Carnival Cruise Line (CCL) - Get Free Report has billed its ships the "Fun Ships," and that's accurate: Some of that fun involves families taking advantage of the water slides, pools, shows, and other family-friendly activities onboard.
In some cases, that "fun" is of the adult variety. Carnival has a reputation, especially on shorter cruises, as being a "party" cruise line. Alcoholic beverages, of course, are prominent on not just Carnival cruise ships but also on those of rivals, including its closest competitors Royal Caribbean (RCL) - Get Free Report, Norwegian Cruise Line (NCLH) - Get Free Report, Virgin Voyages, and MSC.
Cruising and drinking often go hand in hand as Carnival, Royal Caribbean, and Norwegian all sell unlimited beverage packages (Virgin sells drinks only a la carte.) In the case of Royal Caribbean, Norwegian, and MSC, unlimited truly means unlimited, The cruise lines will shut you off if you appear overly intoxicated, but there's no maximum amount of adult beverages you can consume each day.
Carnival takes a different approach. Its "Cheers!" all-you-can-drink beverage package has a hard cap of 15 alcoholic drinks per day. That's a move made in the interest of passenger safety.
Recently, the cruise line made another alcohol-related move that passengers were not happy about, and now it's rolling back that change -- at least partly.
Carnival Made an Unpopular Liquor Change
In late October Carnival's loyalty ambassador, John Heald, said that the cruise line had decided to no longer allow passengers to order liquor bottles in their cabins.
"My apologies. You will have seen that we no longer have full-bottle liquor sales available on preorder. Hard liquor is no longer available for preorder on our Fun Shops. All existing sales will be honored and guests can still preorder up to two bottles of wine for onboard delivery and consumption," he wrote on his Facebook page.

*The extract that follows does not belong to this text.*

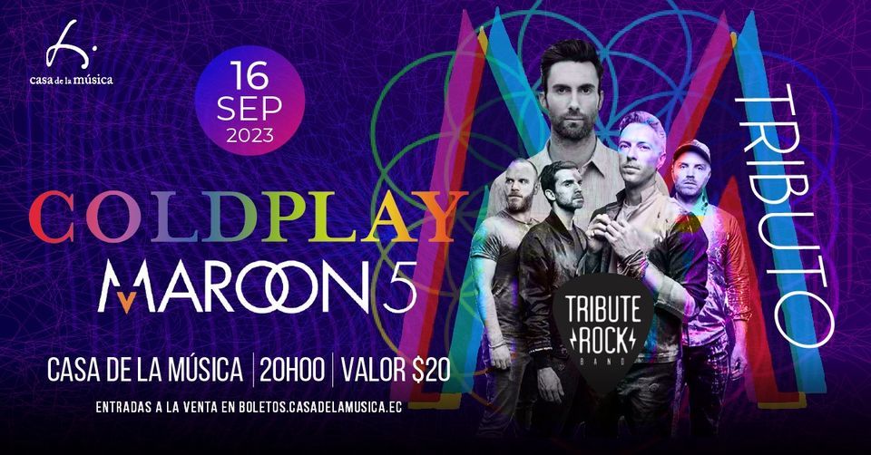 La Casa de la Música presenta un extraordinario tributo a COLDPLAY, una de las bandas británicas de pop más grande del momento, reconocida por su capacidad compositiva y energía; y a MAROON 5 uno de los grupos de pop-rock estadounidenses más exitosos del siglo XXI. El nivel musical de las dos bandas ha llegado a trascender por generaciones, consiguiendo giras y éxitos por todo el mundo, llegando a ser las bandas más escuchadas en estos tiempos.Este tributo se lo realizará con la banda Tribute Rock, integrado por destacados músicos de la escena local como:

Heald made clear that the change was being made to ensure passenger safety and not for staffing issues or any revenue-related reason.
The change "will help us monitor drink consumption on board, and I do apologize for any frustration," he added. “This is not a cutback. Not when it affects our revenue can this be called a cutback."
This, as you might imagine, was not a popular change, and the cruise line has decided to revisit its decision.
Carnival Reconsiders Unpopular Alcohol Change
Surprisingly, Carnival has decided to roll back this policy change and allow full-bottle liquor sales on some sailings, Cruisehive reported.
"From Dec. 1, 2022, guests will be able to prepurchase bottles for their staterooms, with a limit of one bottle per stateroom (no matter how many guests are in the stateroom). The policy will not be available on all cruises, however, but only on itineraries of 7 nights or longer," the website reported.
That mild change to the previous policy mitigates the cruise line's risk by not allowing full-bottle liquor sales on shorter sailings.
On a three- or four-night cruise already drunk passengers may feel pressure to drink a bottle they have paid for. A longer cruise gives them more time to safely take advantage of their purchase.
“As we continue to evaluate the different guest preferences, we are allowing the purchase of one and one only full bottle of liquor prior to embarkation for stateroom delivery when you arrive,” Heald said.
Cruise passengers who buy liquor bottles in port or on the ship have them stored by the ship and delivered to their cabins late on the last night of the cruise.